Link Social Mission with Private Enterprise to Develop Better Affordable Homes

Kristin Siglin
Vice President of Policy, Housing Partnership Network

Would housing policy in the United States benefit from a greater emphasis on institutions that combine deep social mission with strong business acumen? A recent Housing Partnership Network (HPN) paper explores the benefits of such an approach, drawing on lessons learned through the International Housing Partnership (IHP), a collaborative of more than 175 nonprofits from Australia, Canada, the U.K., and the U.S. that collectively operate one million affordable homes. Since the collaborative’s founding in 2003, IHP knowledge exchanges have refined our thinking about innovative models that have the potential to better leverage private sector resources to deliver affordable housing. In our paper, we investigate models of this kind in the U.S. and the U.K., and observe that the British and American affordable housing systems both rely on hybrid public-private, social enterprise–based partnerships that work well in both countries, but in different ways.

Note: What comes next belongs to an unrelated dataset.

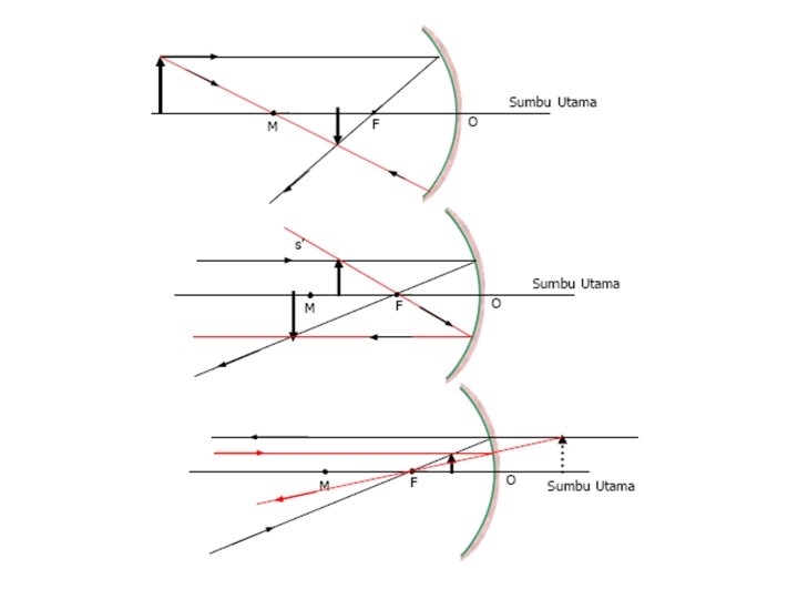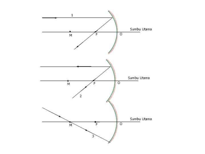 Sinar-sinar Istimewa pada cermin Cekung: • Sinar datang sejajar sumbu utama dipantulkan melalui titik fokus. • Sinar datang melalui titik fokus dipantulkan sejajar sumbu utama. • Sinar datang melalui pusat kelengkungan cermin dipantulkan melalui titik itu juga.
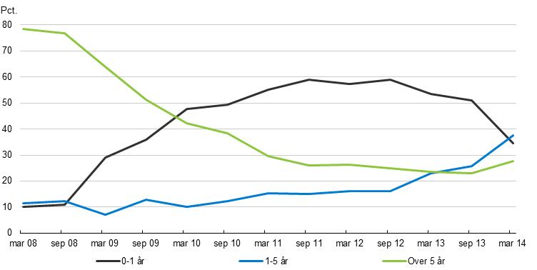 Udlandets beholdning af mellemlange realkreditobligationer (restløbetid mellem 1 og 5 år) er fra september 2013 steget med 12 procentpoint og udgør nu 38 pct. af deres portefølje af realkreditobligationer. Til sammenligning er deres beholdning af korte obligationer (restløbetid op til og med 1 år) reduceret fra 51 til 35 pct. Dermed ligner sammensætningen nu i langt højere grad markedsporteføljen (det samlede udbud af realkreditobligationer).

For instance, in the U.K. the relatively significant scale and capacity of nonprofit housing associations stems in large part from the Large Scale Voluntary Transfer policy, which over the past 30 years has transferred subsidized housing to new management entities enabled to access private capital in order to make needed repairs. British housing associations have been able to improve the national housing stock and serve more people due to these efficiencies of scale.

The U.S. system also includes elements of public-private partnership. The primary capital source for affordable housing development in the U.S. is the Low Income Housing Tax Credit (LIHTC), which raises private capital from investors who receive credits against their tax liability for project-based investments in affordable housing.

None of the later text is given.